FIG. 7 — The distributions of infected neurons in the PVN observed 96 h following inoculation of the stomach with PRV-91, PRV-25, PRV-26, and PRV-Bartha (Ba) are illustrated. Positive images, where viral immunoreactivity in individual neurons is detected as a black signal on a light background, are shown. Animals infected with PRV-Becker (Be) did not survive beyond 67 h in this study and could not be analyzed at this late time after infection. All of the mutants infect large numbers of neurons throughout the medial and dorsal parvicellular subdivisions of the nucleus (mpPVN and dpPVN, respectively) at this postinoculation interval. The schematic diagram illustrates the subdivisions of this hypothalamic nucleus. Calibration bar = 200 mm.

RESULTS

Our experiments produced two primary results. First, deletions or mutations of gE substantially reduced the symptoms of viral infection in the stomach model and resulted in extended survival of infected animals relative to that of animals infected with wild-type virus. Second, because of this longer survival, virus continued to spread in the vagus circuitry, with the result that infected neurons were found throughout most of the brain centers in this autonomic control system. These centers were not infected by wild-type virus because of early animal death.

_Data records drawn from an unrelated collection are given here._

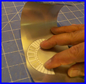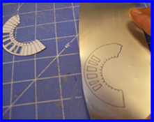 Place your cans with the print side down and place the first template onto the can. Hold it down as shown to the right and trace the part onto the can using a fine tipped marker or Sharpe. Remove the template piece to find the traced part ready to cut out from cans.
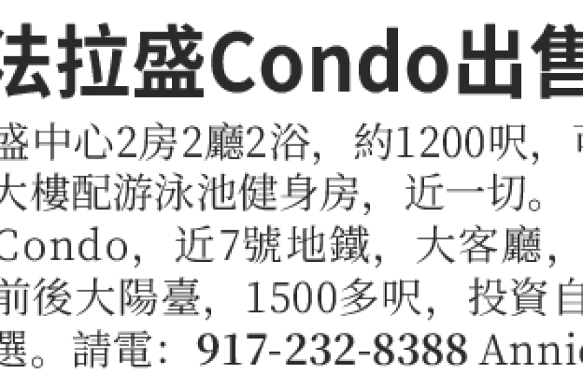 另大Condo,近7號地铁,大客廳,3房3浴,前後大陽台,1500多尺,投資自住最佳首選。
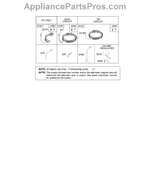 Parts for Briggs & Stratton 215902-0120-E1: Alternator Parts
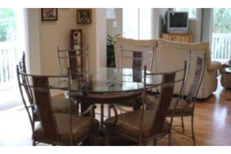 The main level has a half bath, kitchen, dining area, and three separate living areas. The living room has a sleeper sofa, fireplace, and leads to the kitchen/dining area with seating for up to fourteen. Off the dining room is a great sunroom with TV that overlooks the pool area. A cozy family room off the kitchen has a TV/VCR/DVD, and a sliding glass door to the back deck. Also on this level is a bedroom with a king bed, TV/VCR/DVD, and a private bath with jetted tub and separate shower. Five more bedrooms are found on the second floor. The first has a king, TV/VCR/DVD, and private bath with jetted tub and separate shower. The next has a queen bed, TV and private bath. Next is a bedroom with two twins, a TV/VCR, and private bath. The next bedroom has a queen bed, TV/VCR, and shares a bath with the sixth and final bedroom with two twin beds. Outdoors you will find a gas grill and large pool.Surrounding Description
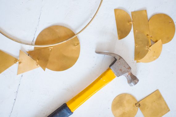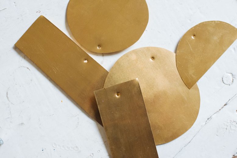 Rest each brass shape on the wooden block and use a hammer and large nail to punch a hole into the top (and bottom, if the piece is a linking piece) of each shape.
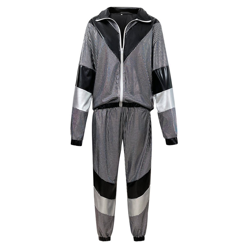 AwwwCos is offering the exclusive Gold Silver Color Block 2 Piece 80s Retro Hip Hop Disco Tracksuit Jacket Pants . If you are in search of a perfectly fitting Disco Cosplay Costume, look no further than AwwwCos. With our wide range of high-quality cosplay costumes, we are your ultimate destination for all your cosplay needs. Get ready to impress everyone at the event with an authentic and meticulously crafted Gold Silver Color Block 2 Piece 80s Retro Hip Hop Disco Tracksuit Jacket Pants from AwwwCos.
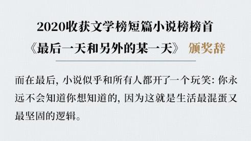 《最后一天和另外的某一天》获得了2020年收获文学榜短篇小说榜榜首,书写的是一个女杀人犯的故事。一个女人在监狱里待了整整十七年,成为了监狱里的头号模范犯人。这个女人身上到底发生了什么样的故事?对这个问题的探寻一直贯穿于我们的阅读体验中。收获文学榜颁奖辞对小说的理解是这样的:“小说试图窥探这个女人谜一样的人生,却发现终究所得有限。在不得已的情况下,小说设置了戏中戏,一部以此女人为原型的戏剧在舞台上演,作为原型的女人坐在观众席里冷若冰霜。这是作家和他作品中人物的角力,在这个意义上,艾伟的这篇小说带有“元小说”的气质,因此小说有两个文本面向,在表层文本里,女犯人的故事以悬疑剧的方式勾起了读者足够多的好奇心;在深层文本里,这是一个关于作家无法驯服其作品人物的故事,它暗示了艺术的高度和限度。而在最后,小说似乎和所有人都开了一个玩笑:你永远不会知道你想知道的,因为这就是生活最混蛋又最坚固的逻辑。”《最后一天和另外的某一天》写了不可理解之理解,因而深不可测。

gE mutants exhibit reduced virulence.

Rats infected with PRV mutants harboring defined gE mutations exhibited a delay in the onset of symptoms, a reduction in symptom severity, and extended survival compared to rats infected by wild-type virus. In this study, no animals infected with the virulent PRV-Becker strain survived longer than 67 h, and rats infected with this strain exhibited pronounced and severe symptoms of infection as early as 48 h postinoculation. Typically, these symptoms included a hunched posture, piloerection, and lethargy. Infected rats were hyperresponsive to touch and characteristically exhibited signs of sensory irritation. Secretions from the mouth, nares, and eyes were evident by 50 h and were pronounced by 60 h after infection. In addition, PRV-Becker-infected animals lost approximately 20% of their initial body weight during the experiment.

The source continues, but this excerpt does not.